使用序列数据库进行异源表达研究的陷阱 - 技术综述。Pitfalls of using sequence databases for heterologous expression studies - a technical review.-医云文献数字医云科研云海量医学决策数据服务

Abstract：

Synthesis of DNA fragments based on gene sequences that are available in public resources has become an efficient and affordable method that has gradually replaced traditional cloning efforts such as PCR cloning from cDNA. However, database entries based on genome sequencing results are prone to errors which can lead to false sequence information and, ultimately, errors in functional characterisation of proteins such as ion channels and transporters in heterologous expression systems.
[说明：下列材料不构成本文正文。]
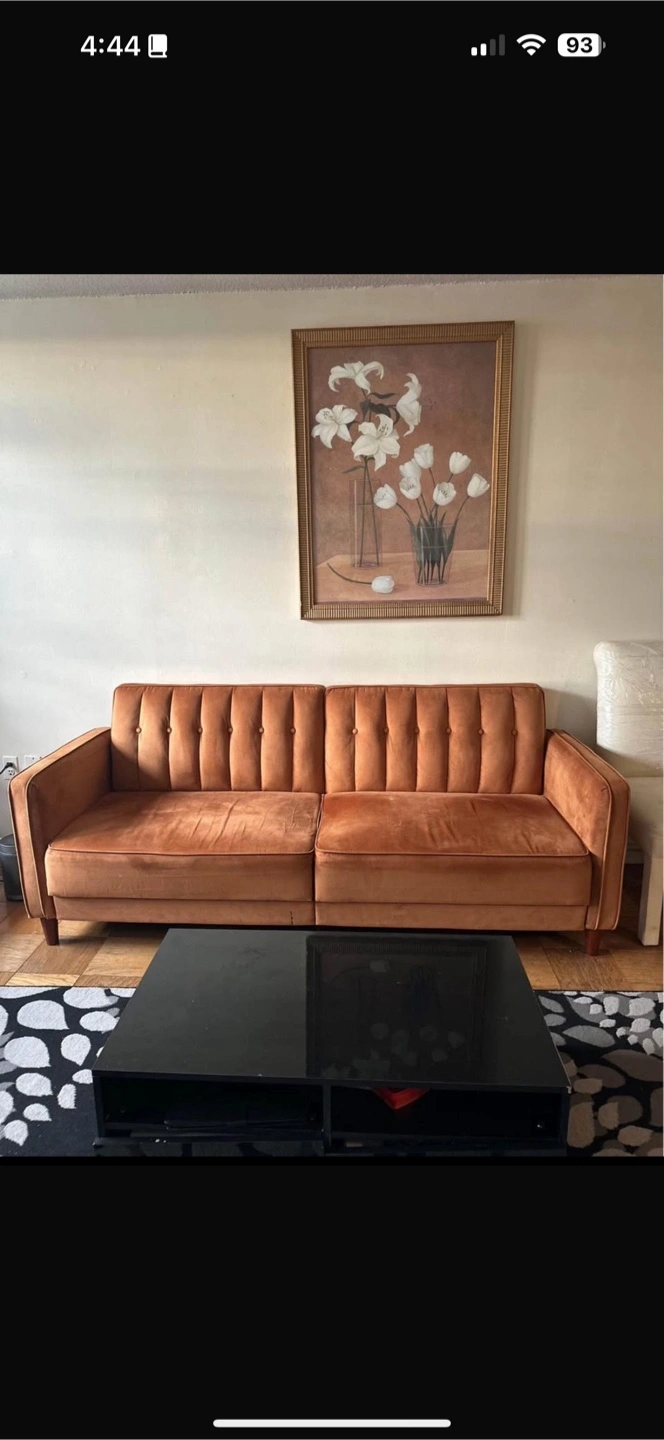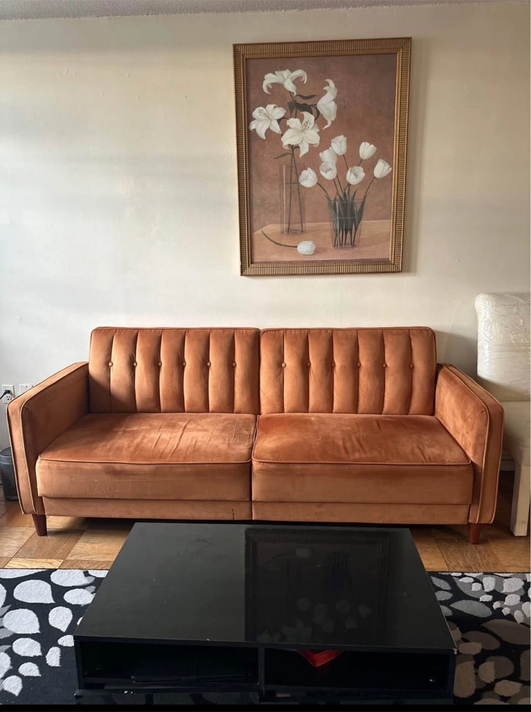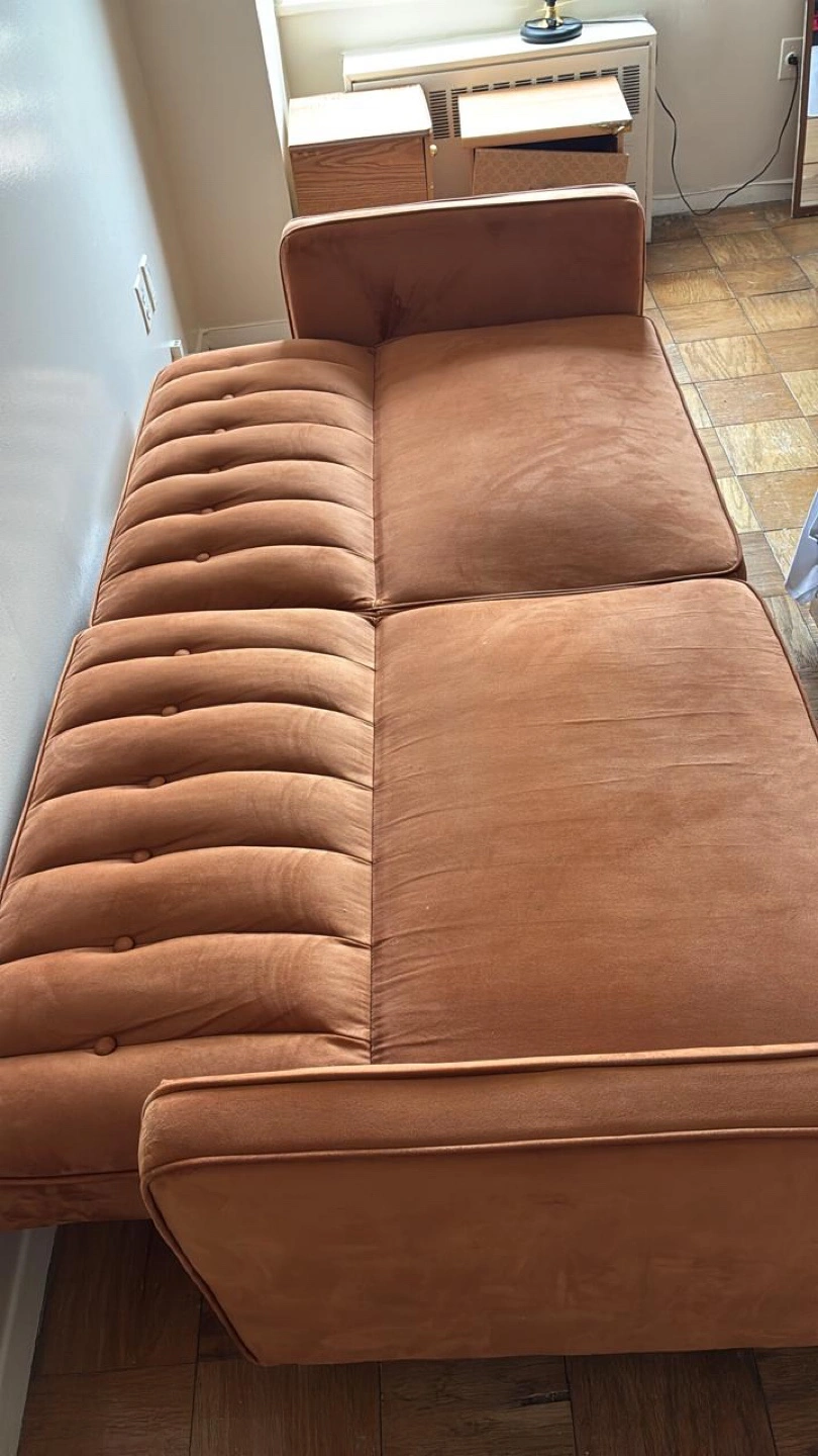 76Selling a stylish orange velvet sofa. It's in great condition and would add a pop of color to any living room. The velvet material is soft and comfortable, perfect for lounging!

We have identified five common problems that repeatedly appear in public resources: (1) Not every gene has yet been annotated; (2) not all gene annotations are necessarily correct; (3) transcripts may contain automated corrections; (4) there are mismatches between gene, mRNA and protein sequences; and (5) splicing patterns often lack experimental validation. This technical review highlights and provides a strategy to bypass these issues in order to avoid critical mistakes that could impact future studies of any gene/protein of interest in heterologous expression systems.

摘要：

基于公共资源中可用的基因序列合成DNA片段已成为一种有效且负担得起的方法，可逐渐取代传统的克隆工作，例如从cDNA进行PCR克隆。然而,基于基因组测序结果的数据库条目容易出现错误，这可能导致错误的序列信息，最终,蛋白质功能表征中的错误，例如异源表达系统中的离子通道和转运蛋白。我们已经确定了在公共资源中反复出现的五个常见问题：1）并非每个基因都已注释；2）并非所有基因注释都一定正确；3）转录本可能包含自动校正；4）基因之间存在错配，mRNA和蛋白质序列；和5)剪接模式通常缺乏实验验证。本技术综述突出并提供了绕过这些问题的策略，以避免可能影响异源表达系统中任何感兴趣的基因/蛋白质的未来研究的严重错误。摘要图例涉及异源基因表达的项目通常具有相似的步骤。最初，数据库研究(A)是检索感兴趣基因的全部部分序列的信息所必需的。许多基因组装配被注释并保存在公共数据库中,或者可用于使用个体序列信息的精细搜索选项。需要仔细检查搜索结果，并将其与现有信息（B）进行比较。一旦序列被确定,通过PCR的DNA合成(C)或商业合成对于进一步的克隆程序(D)是必需的。最终,DNA需要被转染（E）并表达，例如，真核细胞(F)。最后,需要记录感兴趣基因的表达并分析其功能(G)。本文受版权保护。保留所有权利。